В Москву рисковали поодиночке, Москва же высаживалась десантом. Вон она шествует шеренгой от «Октябрьской» до «Европейской», в распахнутых, как у Ленина, плащах: Окуджава, Войнович, Икрамов, Галич… кто там еще? – кто их собрал? кто «стрелу» оплатил? чем это они так прославились? Ума не приложу. Всей-то славы: авторы «Синтаксиса», машинописного издания, за который Гинзбург-составитель еще не сел, но – сядет.
Значит, дата уже другая: шесть-ноль, шестидесятый, шестидесятники…
Очень много еще сядет, уедет, сопьется, умрет, чтобы их сегодня все ругали, потому что они именно этого и добились и, может, одно это и обеспечили – чтобы о них вытирали ноги. Именно за это им честь и хвала.
Очень уж это невкусно: ноги мыть и воду пить.
«Тарусские страницы»… Корнилов, Максимов… читали?
Хрущев не только зэков, он еще и славу выпустил на волю. Как же она гуляла!

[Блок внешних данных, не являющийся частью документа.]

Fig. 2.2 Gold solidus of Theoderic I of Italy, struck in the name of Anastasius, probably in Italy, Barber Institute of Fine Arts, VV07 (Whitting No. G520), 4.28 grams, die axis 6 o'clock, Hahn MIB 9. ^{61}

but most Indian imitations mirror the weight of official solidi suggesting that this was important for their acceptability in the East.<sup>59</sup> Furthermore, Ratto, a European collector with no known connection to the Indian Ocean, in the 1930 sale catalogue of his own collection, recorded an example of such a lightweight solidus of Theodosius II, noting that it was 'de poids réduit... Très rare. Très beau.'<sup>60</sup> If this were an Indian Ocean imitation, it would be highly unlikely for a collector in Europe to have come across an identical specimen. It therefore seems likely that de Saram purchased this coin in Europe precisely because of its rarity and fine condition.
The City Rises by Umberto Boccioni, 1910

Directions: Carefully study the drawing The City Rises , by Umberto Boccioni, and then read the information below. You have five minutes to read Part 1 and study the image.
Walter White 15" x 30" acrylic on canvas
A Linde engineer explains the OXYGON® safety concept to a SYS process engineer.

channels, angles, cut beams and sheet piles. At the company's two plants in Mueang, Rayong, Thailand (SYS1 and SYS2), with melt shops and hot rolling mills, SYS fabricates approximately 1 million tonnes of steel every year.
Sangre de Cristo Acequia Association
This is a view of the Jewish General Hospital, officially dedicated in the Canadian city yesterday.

Не в свободе печати, а в свободе славы, оказывается, дело. Когда ты сам ее раздаешь.
Когда ты выбираешь кому.
Но это же и отрава. Причастность. Одно дело – вдохнуть славу как свободу, другое – так ее и не выдохнуть. Асфиксия шестидесятничества передается до сих пор по наследству.

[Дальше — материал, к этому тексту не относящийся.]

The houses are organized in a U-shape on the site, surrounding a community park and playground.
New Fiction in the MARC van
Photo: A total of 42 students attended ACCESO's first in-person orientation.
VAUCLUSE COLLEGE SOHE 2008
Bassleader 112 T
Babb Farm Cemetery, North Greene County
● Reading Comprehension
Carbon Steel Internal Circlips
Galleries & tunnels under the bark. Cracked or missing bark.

Первым об этом мне сообщил Максимов: «Умному человеку достаточно достигнуть славы в областном масштабе, чтобы не стремиться к ней в мировом».
Легко сказать!..
Экспресс «Таруса – Париж».
Только что расправились с Пастернаком, так и не раскусив, кто это такой. Шолохова раскусили. Правда, Ахматова еще была жива. Но еще не было ни Солженицына, ни Бродского, и про Набокова не слыхали. Страна жаждала гения. Не была ли то сталинская инерция? – непременно занять пустующий пьедестал… Свобода слова оказалась скованной именно монументальностью роли писателя едва ли не больше, чем идеологией. Загнав вольную русскую классику XIX века на школьную скамью в качестве членов Политбюро, наша пропаганда достигла большего, чем примитивным удушением современной словесности. Толстой с Достоевским оказались виноваты. Раскаялись и дали на себя показания. Практически добровольно, ибо не заготовили себе защитительной речи. «Кто знал?..» – вот название для русского романа вместо «Кто виноват?». Четверть века спустя мы обсудим с Володей эту тему не то в Страсбурге, не то в Париже. Ну почему, почему наша великая литература ни разу не осилила тему русской, именно русской, литературной амбиции? Какой типический, какой хронический герой оказался упущен! Достоевский мог бы… но сам им стал. Когда и как роль литературы была подменена ролью в литературе? С каких пор пьедестал стал важнее текста? Почему до сих пор, когда литература, по авторитетным заявлениям, кончилась, рождаются еще более амбициозные претенденты на свергнутую роль? Не Пушкину ли внушали, что в России писатель может сделать не меньше, чем Петр Первый? Пушкин, положим, справился, оставшись собою.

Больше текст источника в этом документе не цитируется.